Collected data
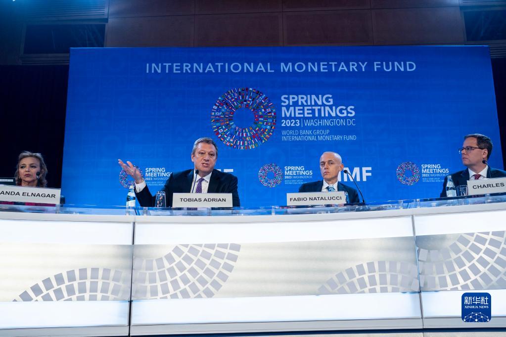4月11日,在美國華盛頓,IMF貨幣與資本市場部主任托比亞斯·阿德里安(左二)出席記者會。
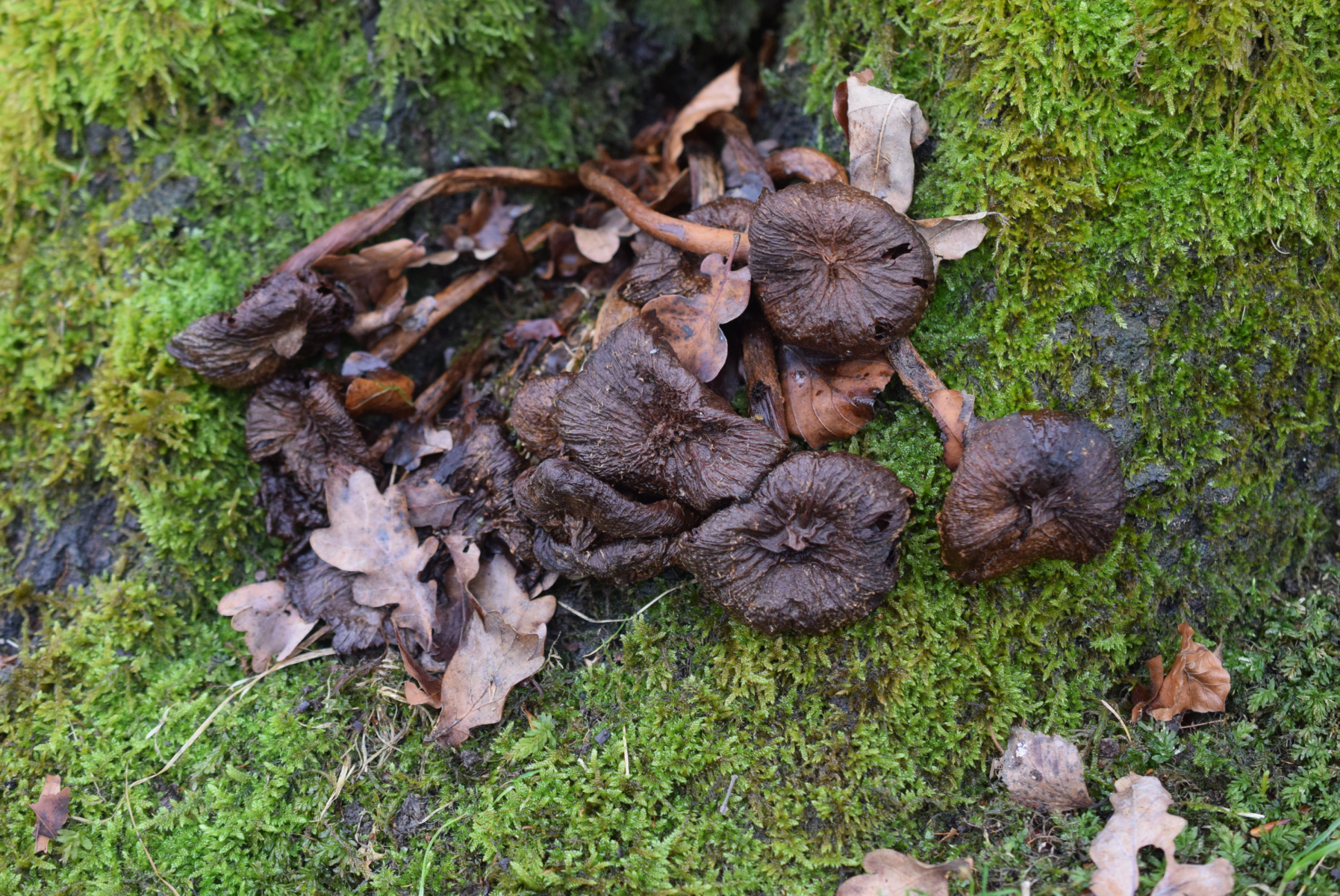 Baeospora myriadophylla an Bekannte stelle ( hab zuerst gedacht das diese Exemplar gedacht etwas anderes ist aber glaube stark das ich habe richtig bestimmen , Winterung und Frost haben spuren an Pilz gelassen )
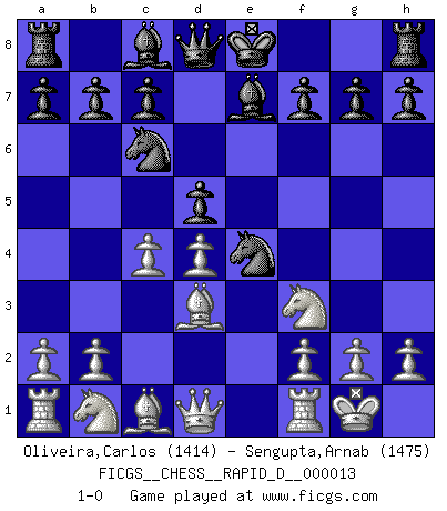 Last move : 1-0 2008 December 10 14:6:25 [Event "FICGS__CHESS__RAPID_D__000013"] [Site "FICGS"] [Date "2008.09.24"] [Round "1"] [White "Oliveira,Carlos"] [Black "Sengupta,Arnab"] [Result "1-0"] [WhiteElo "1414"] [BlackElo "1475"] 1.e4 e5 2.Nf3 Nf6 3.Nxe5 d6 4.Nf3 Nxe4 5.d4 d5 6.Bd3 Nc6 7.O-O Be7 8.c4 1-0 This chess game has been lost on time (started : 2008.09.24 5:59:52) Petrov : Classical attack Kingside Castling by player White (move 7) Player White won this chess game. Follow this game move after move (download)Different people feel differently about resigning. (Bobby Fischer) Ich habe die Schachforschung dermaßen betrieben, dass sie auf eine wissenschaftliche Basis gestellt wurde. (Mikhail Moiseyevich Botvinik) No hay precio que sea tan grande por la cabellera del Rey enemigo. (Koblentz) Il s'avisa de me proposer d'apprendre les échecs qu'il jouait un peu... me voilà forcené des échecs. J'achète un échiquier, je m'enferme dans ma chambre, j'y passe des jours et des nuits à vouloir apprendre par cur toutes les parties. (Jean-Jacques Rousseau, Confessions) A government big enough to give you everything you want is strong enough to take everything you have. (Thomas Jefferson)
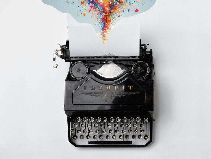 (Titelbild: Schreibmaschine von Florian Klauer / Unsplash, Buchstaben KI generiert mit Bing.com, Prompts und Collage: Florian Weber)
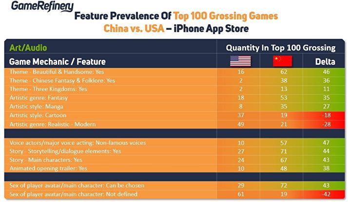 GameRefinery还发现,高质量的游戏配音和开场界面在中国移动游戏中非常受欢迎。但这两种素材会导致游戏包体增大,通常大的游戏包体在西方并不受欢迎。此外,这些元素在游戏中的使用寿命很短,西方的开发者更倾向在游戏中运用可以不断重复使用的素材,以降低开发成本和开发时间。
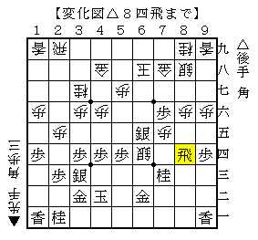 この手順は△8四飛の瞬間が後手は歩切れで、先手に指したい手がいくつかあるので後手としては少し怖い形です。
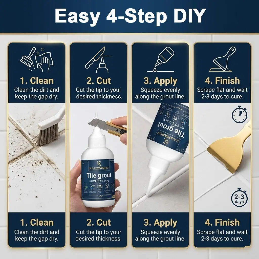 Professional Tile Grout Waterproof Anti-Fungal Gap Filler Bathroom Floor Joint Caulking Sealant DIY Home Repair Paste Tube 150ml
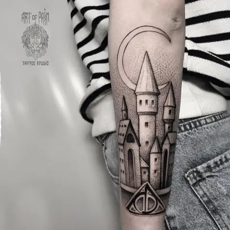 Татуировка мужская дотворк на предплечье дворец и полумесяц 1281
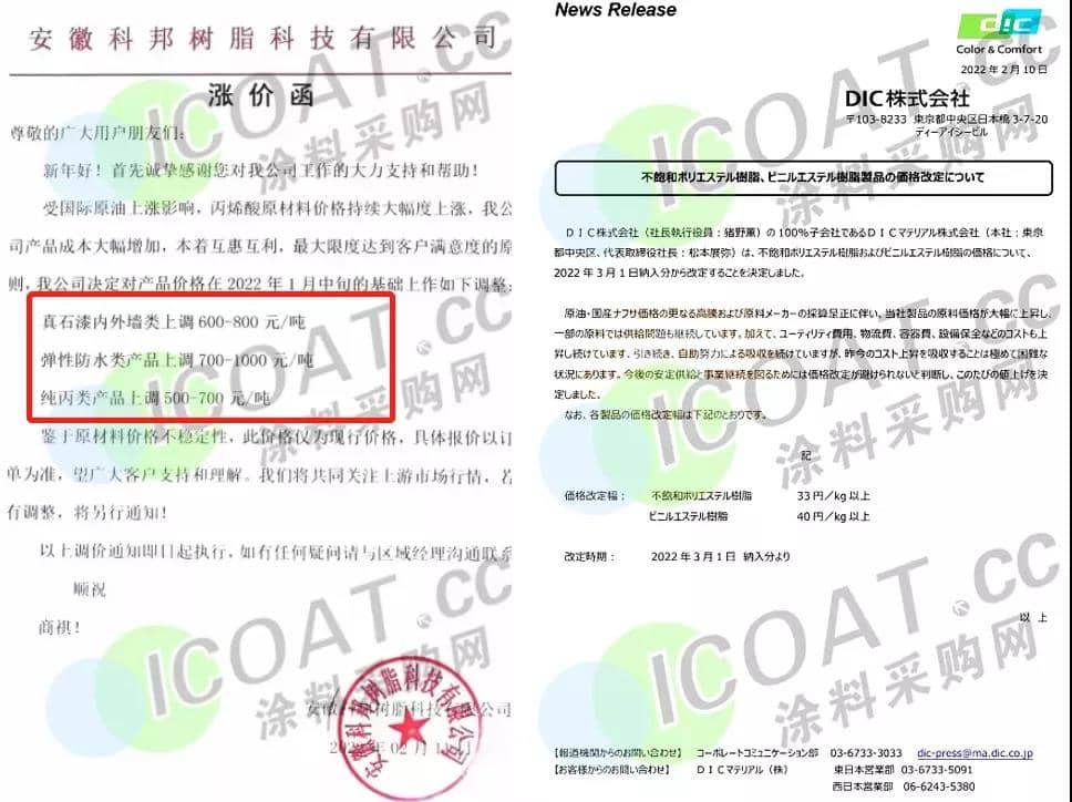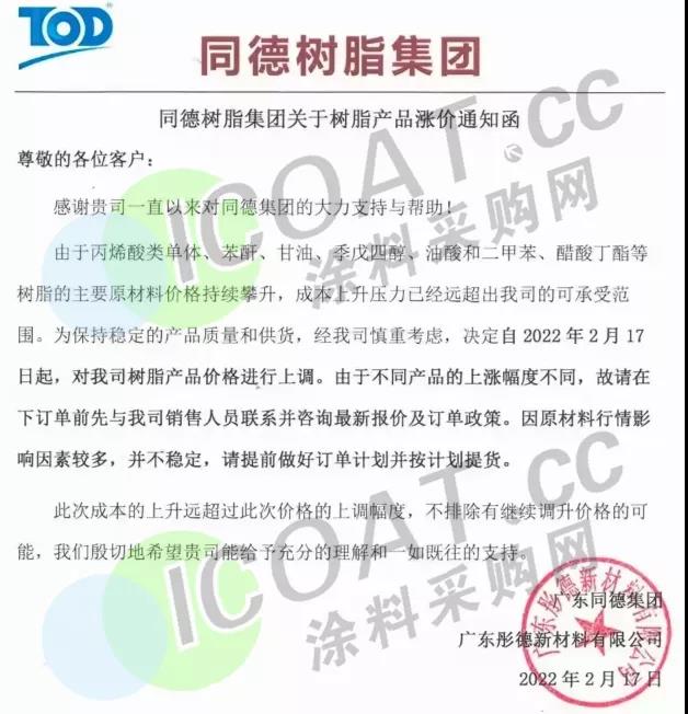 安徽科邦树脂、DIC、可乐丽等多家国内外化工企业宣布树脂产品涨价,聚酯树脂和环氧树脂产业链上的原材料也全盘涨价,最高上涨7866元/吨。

◆ Requirement: From the first line of the entries above down to the line holding "Baeospora myriadophylla an", quote each line exactly and nothing else, skipping pictures.

◆ Your solution:
4月11日,在美國華盛頓,IMF貨幣與資本市場部主任托比亞斯·阿德里安(左二)出席記者會。
 Baeospora myriadophylla an Bekannte stelle ( hab zuerst gedacht das diese Exemplar gedacht etwas anderes ist aber glaube stark das ich habe richtig bestimmen , Winterung und Frost haben spuren an Pilz gelassen )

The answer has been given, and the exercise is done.